The decision in Jackson v. Demo, 378 U.S. 368, 84 S. Ct. 1774, 12 L. Ed. 2d 908 (1964), does not require a hearing as to the voluntariness of a confession when the defendant does not object to its admission. Wainwright v. Sykes, 433 U.S. 72, 97 S. Ct. 2497, 53 L. Ed. 2d 594 (1977). Jackson merely holds that a defendant has a “right at some stage in the proceedings to object to the use of the confession and to have a fair hearing and a reliable determination on the issue of voluntariness.” Wainwright v. Sykes, supra. “[T]he Constitution does not require a voluntariness hearing absent some contemporaneous challenge to the use of the confession.” Wainwright v.

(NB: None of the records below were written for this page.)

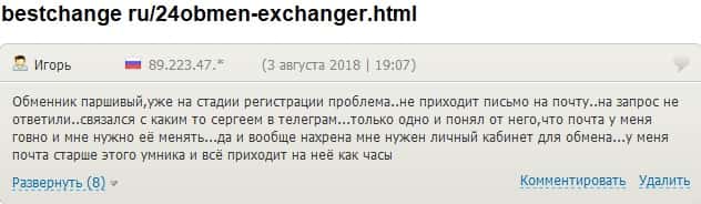 Клиенты 24x7Obmen Com жалуются на ужасный сервис
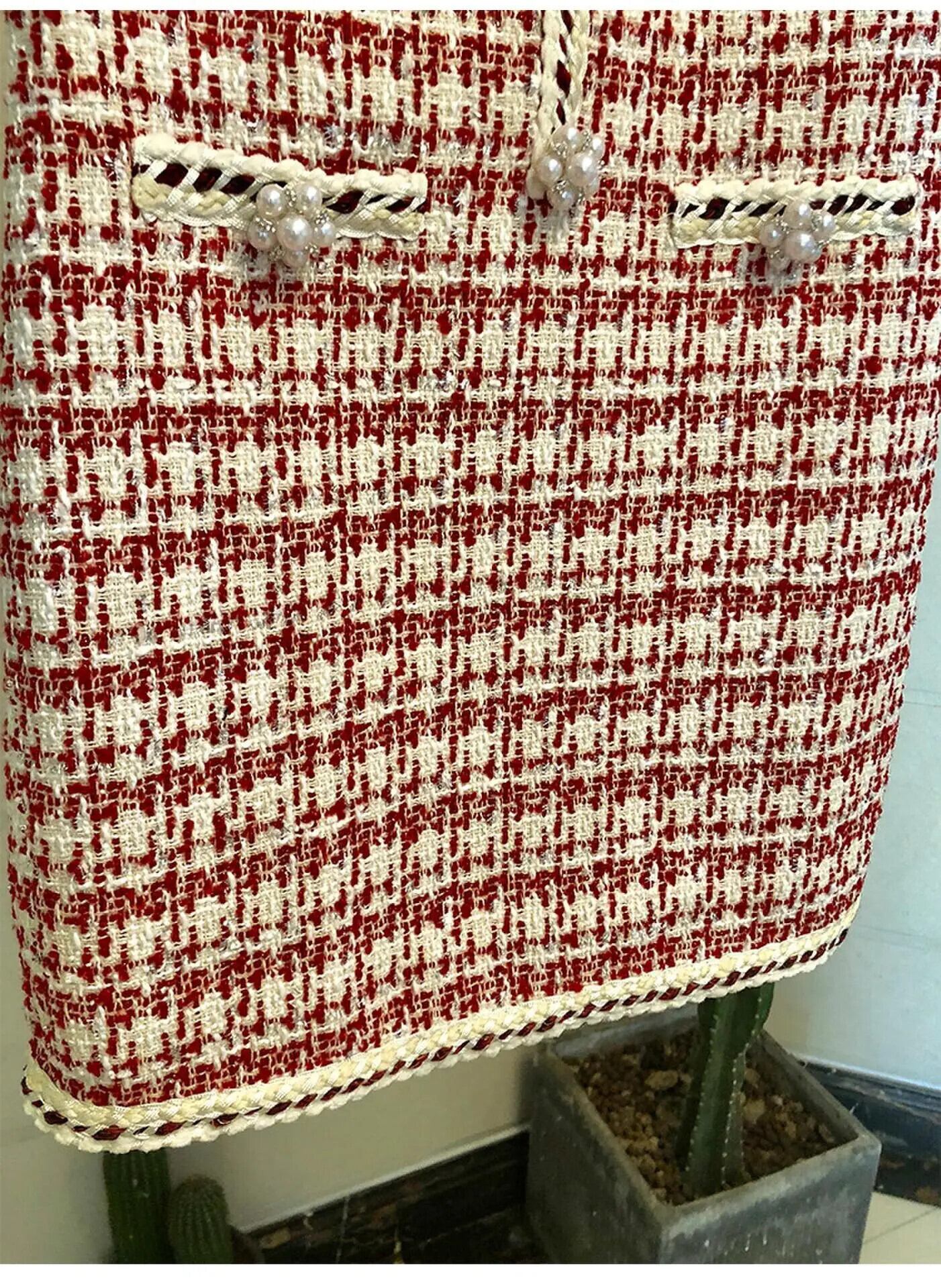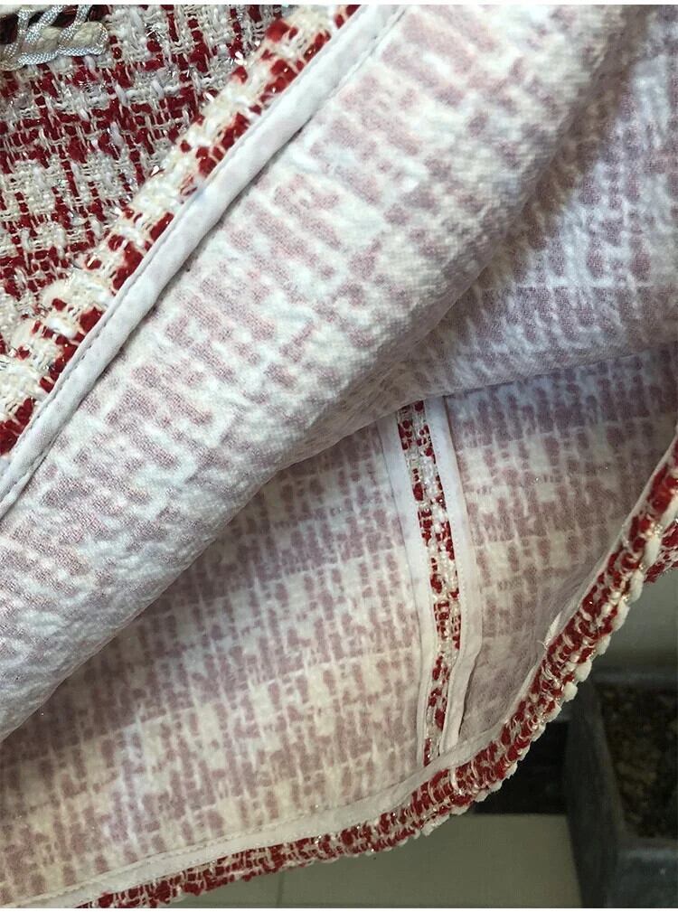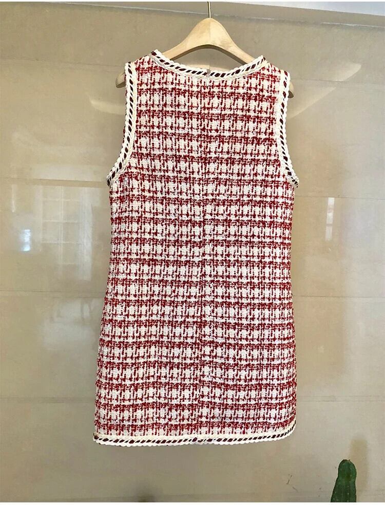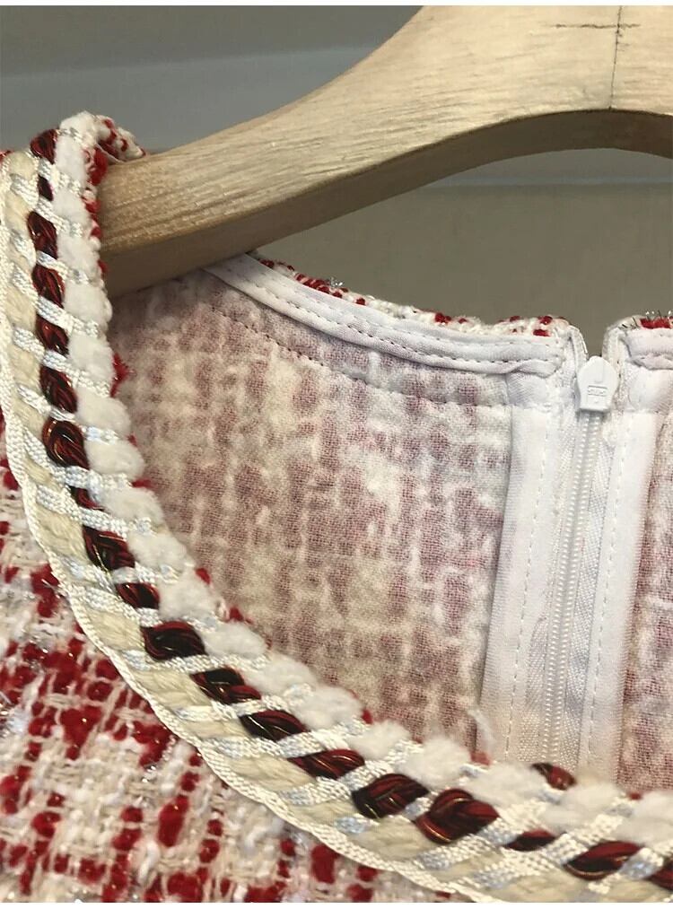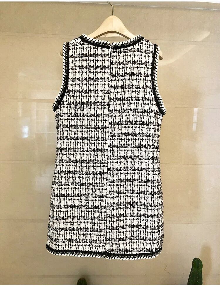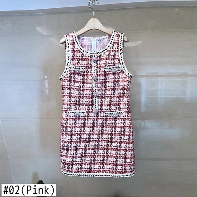 春秋気質 A ラインツイードチェック柄ビーズベストドレスパーティーローブ Vestidos スプリング 春物 オータム 秋物 Aライン
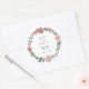 Elegant dusty pink floral round wedding sticker with watercolor roses for favors and envelopes.
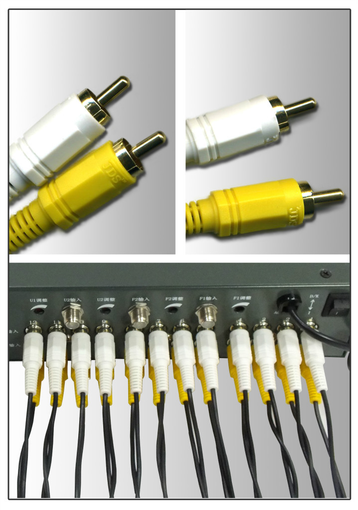 我们在专业市场上多方寻找,也没能找到价廉物美的AV连接线。因此为了配套佳得视设备以及我们的工程,我们在东莞本地委托了一家专业连接线材制造商按照出口欧盟的标准,批量订制了连接线,此款连接线使用优质镀金RCA插件,线芯加粗使用(7X0.12)OFC无氧铜OFC铜芯,屏蔽层为(30 X0.10)OFC无氧铜编织网,使用柔韧度极佳的PVC外皮封装,该线抗干扰能力强,多次插拔均能良好连接,线芯注重内涵,外径合理,适合工程安装及机柜安装孔穿越,节省空间。我们根据有线电视调制器的特点,订制成两芯四头的RCA线,不浪费多余插头,安装更简单,更美观。

Sykes, supra. [Emphasis ours.] As in Wainwright, as this proceeding unfolded, the trial judge is not to be faulted for failing to question the voluntariness of the statement himself, particularly when it was obvious here that trial counsel was pursuing a different strategy.

Our statute on the subject requires an in camera hearing concerning the admissibility and voluntariness of a confession only when the issue is raised by the defendant and the determination is to be made before admitting the confession into evidence. Ark. Stat. Ann. § 43-2105 (Repl. 1977). Cf. Hill v. State, 250 Ark. 812, 467 S.W. 2d 179. When the question of voluntariness of a confession was raised in Bivens v. State, 242 Ark. 362, 413 S.W. 2d 653, we applied the general rule that an alleged error in a felony case of a degree less than capital cannot be considered by this court in the absence of an objection calling for a ruling by the trial court. We also applied the rule that an objection first made in a motion for new trial was not sufficient. We there pointed out that we had held that a party should not be permitted to speculate upon the testimony of witnesses and then, at the end of the trial, demand that incompetent testimony be excluded. Similarly, it was stated in Wainwright that failure to give regard to a contemporaneous objection rule might encourage “sandbagging” on the part of defense lawyers by taking a chance on a favorable result and subsequently raising the constitutional claim if the initial gamble did not pay off. We do not mean to intimate that trial counsel in this case was con*205sciously guiity of such a tactic. It is sufficient to state that no valid reason for failure to make a contemporaneous objection or motion to strike has been demonstrated, even in the post-trial motion.

The judgment is affirmed.

We agree.

Harris, C.J., and Byrd and Hickman, JJ.